主从复制(上)

  1. 简介
    1.1 什么是复制?
    复制:是将一台MySQL实例(master),发生的DML、DDL等修改操作记录到binlog中,源源不断传输副本库,副本库应用日志,达到一个和主库数据接近一致的状态。
    1.2 应用场景
    a. 备份。
    b. 高可用。
    c. 读写分离
    d. 分布式架构
  2. 主从复制前提(搭建过程)
    2.1 2台以上数据库实例,server_id ,server_uuid
#启动多实例
[root@db01 oldguo]# systemctl start mysqld3307
[root@db01 oldguo]# systemctl start mysqld3308
[root@db01 oldguo]# systemctl start mysqld3309
[root@db01 oldguo]# netstat -tulnp
[root@db01 oldguo]# mysql -S /tmp/mysql3307.sock -e "select @@server_id;select @@server_uuid"
+-------------+
| @@server_id |
+-------------+
|           7 |
+-------------+
+--------------------------------------+
| @@server_uuid                        |
+--------------------------------------+
| d639b892-ba7b-11ea-9d00-000c295bb94f |
+--------------------------------------+
[root@db01 oldguo]# mysql -S /tmp/mysql3308.sock -e "select @@server_id;select @@server_uuid"
+-------------+
| @@server_id |
+-------------+
|           8 |
+-------------+
+--------------------------------------+
| @@server_uuid                        |
+--------------------------------------+
| d8e965c5-ba7b-11ea-9d1e-000c295bb94f |
+--------------------------------------+
[root@db01 oldguo]# mysql -S /tmp/mysql3309.sock -e "select @@server_id;select @@server_uuid"
+-------------+
| @@server_id |
+-------------+
|           9 |
+-------------+
+--------------------------------------+
| @@server_uuid                        |
+--------------------------------------+
| dc20d2d8-ba7b-11ea-9f57-000c295bb94f |
+--------------------------------------+
[root@db01 oldguo]# 

2.2 主库开启binlog

[root@db01 oldguo]# mysql -S /tmp/mysql3307.sock -e "select @@log_bin;"
+-----------+
| @@log_bin |
+-----------+
|         1 |
+-----------+

2.3 主库开启专门的复制用户

[root@db01 oldguo]# mysql -S /tmp/mysql3307.sock -e "grant replication slave on *.* to repl@'10.0.0.%' identified by '123'"

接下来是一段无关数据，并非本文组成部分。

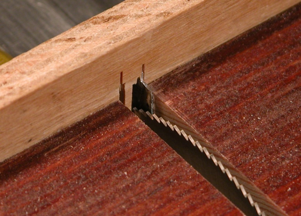 Materiał jaki stosowałem to grusza (wybrałem taką o ciemniejszym odcieniu – dlaczego to już w głównej relacji). Przy pomocy takiego oto „przyrządu” nacinałem rowki w deseczkach o grub. 2 mm, głębokość nacięć ok. 1 mm (powinno być nawet trochę mniej – im głębsze rowki tym łatwiej o wyszczerbienie zębów):

2.4 “补课”: 备份主库恢复至从库(主库7从库89)

#全备主库数据
root@db01 oldguo]# mysqldump -S /tmp/mysql3307.sock -A --master-data=2 >/tmp/full.sql
#在从库上恢复
[root@db01 oldguo]# mysql -S /tmp/mysql3308.sock -e "source /tmp/full.sql"
[root@db01 oldguo]# mysql -S /tmp/mysql3309.sock -e "source /tmp/full.sql"

2.5 开启主从
a.

mysql> help change master to #获取配置信息
CHANGE MASTER TO
  MASTER_HOST='master2.example.com',
  MASTER_USER='replication',
  MASTER_PASSWORD='password',
  MASTER_PORT=3306,
  MASTER_LOG_FILE='master2-bin.001',
  MASTER_LOG_POS=4,
  MASTER_CONNECT_RETRY=10;
[root@db01 data]# grep '\-- \CHANGE' /tmp/full.sql 
-- CHANGE MASTER TO MASTER_LOG_FILE='mysql-bin.000002', MASTER_LOG_POS=21103277;
#分别在从库中执行
[root@db01 /data 15:45:36]# mysql -S /tmp/mysql3308.sock 
CHANGE MASTER TO
  MASTER_HOST='10.0.0.51',
  MASTER_USER='repl',
  MASTER_PASSWORD='123',
  MASTER_PORT=3307,
  MASTER_LOG_FILE='mysql-bin.000002',
  MASTER_LOG_POS=21103277,
  MASTER_CONNECT_RETRY=10;

b. 开启复制线程

mysql> start slave;

c. 检测状态

[root@db01 data]# mysql -S /tmp/mysql3308.sock -e "show slave status\G"|grep "Running:"
             Slave_IO_Running: Yes
            Slave_SQL_Running: Yes
[root@db01 data]# 

[root@db01 data]# mysql -S /tmp/mysql3309.sock -e "show slave status\G"|grep "Running:"
             Slave_IO_Running: Yes
             Slave_SQL_Running: Yes

3. 传统主从复制工作原理

3.1 涉及到的文件

主库:

binlog文件: mysql-bin.000001

mysql> select @@log_bin_basename;
+---------------------------+
| @@log_bin_basename        |
+---------------------------+
| /data/3307/logs/mysql-bin |
+---------------------------+

从库:

a. relaylog文件: 存储接收到的binlog日志
存储位置: db01-relay-bin.000001

mysql> select @@relay_log_basename;
+--------------------------------+
| @@relay_log_basename           |
+--------------------------------+
| /data/3307/data/db01-relay-bin |
+--------------------------------+

b. master_info 文件:用来存储主库相关的信息:
存储位置:/data/3308/data/master.info

mysql> select @@master_info_repository;
+--------------------------+
| @@master_info_repository |
+--------------------------+
| FILE                     |
+--------------------------+
server_id,server_uuid,user,password,host,port,binlog位置点。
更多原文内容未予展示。